# Your task
Images do not belong in the copy. Retype the entries exactly.

◆ ◆ ◆ ◆ ◆ ◆ ◆

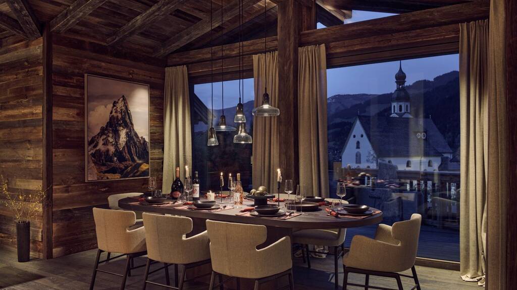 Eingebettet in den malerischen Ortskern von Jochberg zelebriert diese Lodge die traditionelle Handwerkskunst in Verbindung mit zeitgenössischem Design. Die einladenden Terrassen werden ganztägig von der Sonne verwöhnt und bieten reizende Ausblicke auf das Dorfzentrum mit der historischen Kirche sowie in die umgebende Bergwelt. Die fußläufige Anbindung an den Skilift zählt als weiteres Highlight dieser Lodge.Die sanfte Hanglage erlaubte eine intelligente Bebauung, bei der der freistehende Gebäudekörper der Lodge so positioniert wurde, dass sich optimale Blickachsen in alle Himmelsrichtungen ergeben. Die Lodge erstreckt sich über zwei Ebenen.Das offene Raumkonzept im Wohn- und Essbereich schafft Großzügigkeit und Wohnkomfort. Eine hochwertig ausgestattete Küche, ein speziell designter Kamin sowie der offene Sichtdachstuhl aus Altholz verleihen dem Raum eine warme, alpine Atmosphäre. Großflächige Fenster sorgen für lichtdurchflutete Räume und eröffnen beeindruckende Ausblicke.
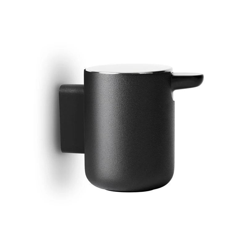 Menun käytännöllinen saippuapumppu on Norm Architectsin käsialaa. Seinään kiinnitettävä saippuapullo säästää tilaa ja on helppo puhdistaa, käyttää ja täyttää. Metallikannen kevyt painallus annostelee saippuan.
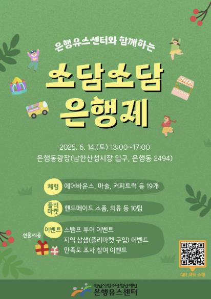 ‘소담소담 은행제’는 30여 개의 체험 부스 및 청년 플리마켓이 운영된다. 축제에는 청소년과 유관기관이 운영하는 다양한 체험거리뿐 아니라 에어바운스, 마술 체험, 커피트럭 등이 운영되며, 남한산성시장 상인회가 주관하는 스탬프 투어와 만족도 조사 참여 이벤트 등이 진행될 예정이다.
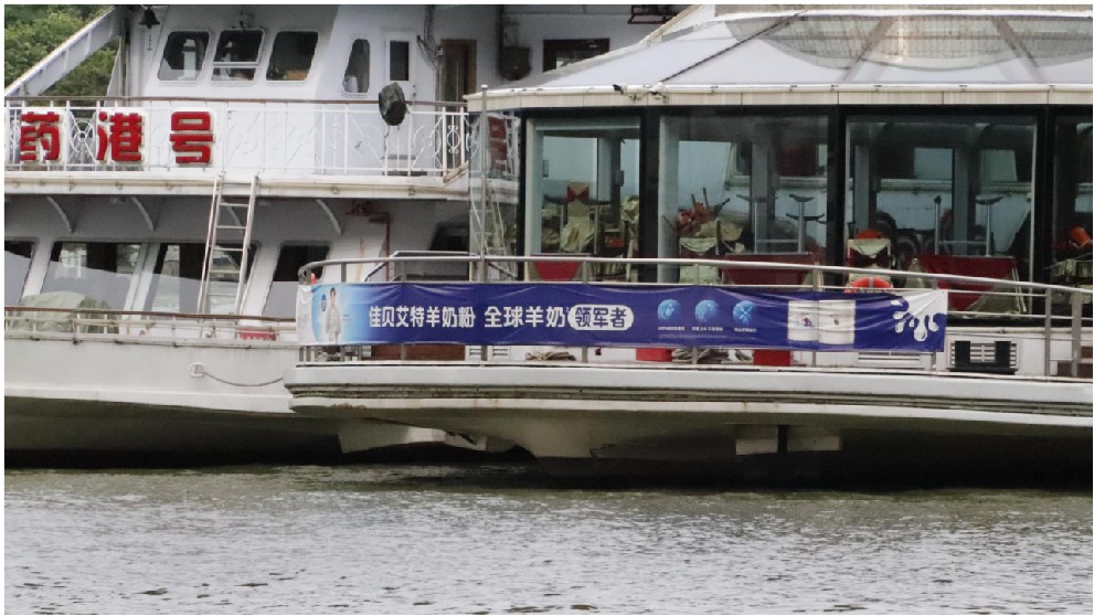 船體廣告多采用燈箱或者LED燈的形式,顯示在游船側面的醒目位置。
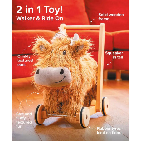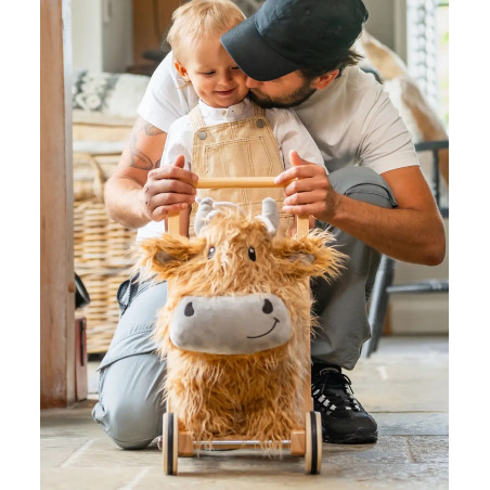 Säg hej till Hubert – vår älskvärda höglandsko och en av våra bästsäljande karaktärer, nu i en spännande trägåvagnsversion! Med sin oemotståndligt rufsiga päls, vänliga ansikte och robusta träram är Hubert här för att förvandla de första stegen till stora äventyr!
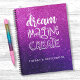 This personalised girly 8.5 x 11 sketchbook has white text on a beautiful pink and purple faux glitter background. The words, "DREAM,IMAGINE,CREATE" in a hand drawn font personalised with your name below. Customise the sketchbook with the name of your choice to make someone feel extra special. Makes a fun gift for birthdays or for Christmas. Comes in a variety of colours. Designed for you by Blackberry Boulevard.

◆ ◆ ◆ ◆ ◆ ◆ ◆

# Response to the exercise
 Eingebettet in den malerischen Ortskern von Jochberg zelebriert diese Lodge die traditionelle Handwerkskunst in Verbindung mit zeitgenössischem Design. Die einladenden Terrassen werden ganztägig von der Sonne verwöhnt und bieten reizende Ausblicke auf das Dorfzentrum mit der historischen Kirche sowie in die umgebende Bergwelt. Die fußläufige Anbindung an den Skilift zählt als weiteres Highlight dieser Lodge.Die sanfte Hanglage erlaubte eine intelligente Bebauung, bei der der freistehende Gebäudekörper der Lodge so positioniert wurde, dass sich optimale Blickachsen in alle Himmelsrichtungen ergeben. Die Lodge erstreckt sich über zwei Ebenen.Das offene Raumkonzept im Wohn- und Essbereich schafft Großzügigkeit und Wohnkomfort. Eine hochwertig ausgestattete Küche, ein speziell designter Kamin sowie der offene Sichtdachstuhl aus Altholz verleihen dem Raum eine warme, alpine Atmosphäre. Großflächige Fenster sorgen für lichtdurchflutete Räume und eröffnen beeindruckende Ausblicke.
 Menun käytännöllinen saippuapumppu on Norm Architectsin käsialaa. Seinään kiinnitettävä saippuapullo säästää tilaa ja on helppo puhdistaa, käyttää ja täyttää. Metallikannen kevyt painallus annostelee saippuan.
 ‘소담소담 은행제’는 30여 개의 체험 부스 및 청년 플리마켓이 운영된다. 축제에는 청소년과 유관기관이 운영하는 다양한 체험거리뿐 아니라 에어바운스, 마술 체험, 커피트럭 등이 운영되며, 남한산성시장 상인회가 주관하는 스탬프 투어와 만족도 조사 참여 이벤트 등이 진행될 예정이다.
 船體廣告多采用燈箱或者LED燈的形式,顯示在游船側面的醒目位置。
 Säg hej till Hubert – vår älskvärda höglandsko och en av våra bästsäljande karaktärer, nu i en spännande trägåvagnsversion! Med sin oemotståndligt rufsiga päls, vänliga ansikte och robusta träram är Hubert här för att förvandla de första stegen till stora äventyr!
 This personalised girly 8.5 x 11 sketchbook has white text on a beautiful pink and purple faux glitter background. The words, "DREAM,IMAGINE,CREATE" in a hand drawn font personalised with your name below. Customise the sketchbook with the name of your choice to make someone feel extra special. Makes a fun gift for birthdays or for Christmas. Comes in a variety of colours. Designed for you by Blackberry Boulevard.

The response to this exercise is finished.